Rhea looked down at his wagging black head and laughed because he reminded her of some kind of dog. He was clever but there was a stubbornness about him that was close to stupidity. There was a dog’s stubbornness and some misery, too, about the way he kept bumping his head against her knee now, and jerking it back to shake the black hair out of his eyes.
She explained to him, with many interruptions during which she had to laugh at the possibility of explaining, that what was funny was the tin curtain in the corner of the room. She said that she thought there was a dumbwaiter behind it that went up and down from the cellar.
“We could curl up on the shelf,” Wayne said. “Want to try it? We could get Billy to let down the rope.”
She looked again for Billy’s white shirt. So far as she knew, he hadn’t turned around to look at her once since he sat down. Wayne was sitting directly in front of her now, so that if Billy did turn around he wouldn’t be able to see that her shoe was dangling from one toe and Wayne was flicking his fingers against the sole of her foot. She said that she would have to go to the bathroom first.

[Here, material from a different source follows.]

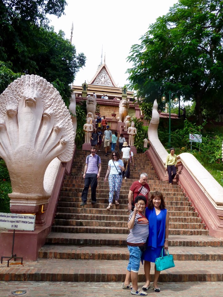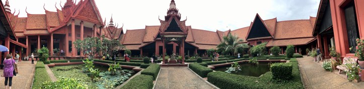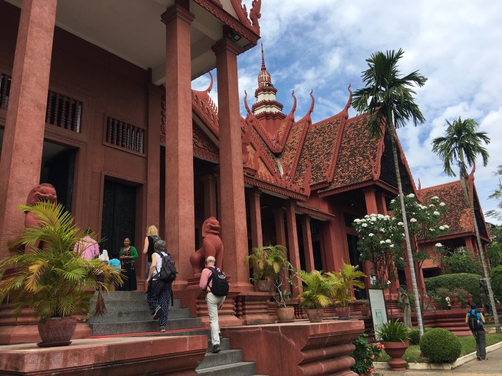 From here we headed to the National Museum of Cambodia which we could have actually walked to from the hotel if needed as it was just round the corner, I’d stumbled across it the previous evening on a stroll having had a tactical nap and shower after the flight over. It’s a terracotta coloured building built in the early 20th century with a beautiful courtyard garden. The sculptures from across the centuries are in chronological order and we had our own guide that showed us round with our own commentary. It seemed that the majority of the pieces had come from Angkor Wat and surrounding temples which kind of made you wonder of the was actually anything of any significance left at the sites! Many Buddha, Vishnu, Shiva, Laksmi statues, enough to make you feel some what lackadaisical about them come the end of the tour. I’m sure that they will feel more beautiful and relevant when we see any at the temples themselves later on in the week. The religion in Cambodia is a real mid of Hindu and Buddhism as far as I can work out, quite confusing initially to be seeing Vishnu statues in a country I thought was Buddhist bit according to our guide they celebrate all gods. Buddha is seen usually in 4 different forms, teaching, meditating, and I can’t remember the other two (will fill in later!) and we saw enough of each in the museum to sink a ship!! It was getting ridiculously hot by this stage but we still had one more thing to visit before our lunch stop Wat Phnom which we got back on the bus to head out to.

“I will escort you,” Wayne said.
He grabbed her legs to help himself up. Rhea said, “You’re drunk.”
“I’m not the only one.”
The Monks’ house had a toilet — in fact a bathroom — off the back hall. The bathtub was full of cases of beer — not cooling, just stored there. The toilet flushed properly. Rhea had been afraid it wouldn’t, because it looked as if it hadn’t for the last person.
She looked at her face in the mirror over the sink and spoke to it with recklessness and approval. “Let him,” she said. “ Let him. ” She turned off the light and stepped into the dark hall. Hands took charge of her at once, and she was guided and propelled out the back door. Up against the wall of the house, she and Wayne were pushing and grabbing and kissing each other. She had the idea of herself, at this juncture, being opened and squeezed, opened and squeezed shut, like an accordion. She was getting a warning, too — something in the distance, not connected with what she and Wayne were doing. Some crowding and snorting, inside or outside of her, trying to make itself understood.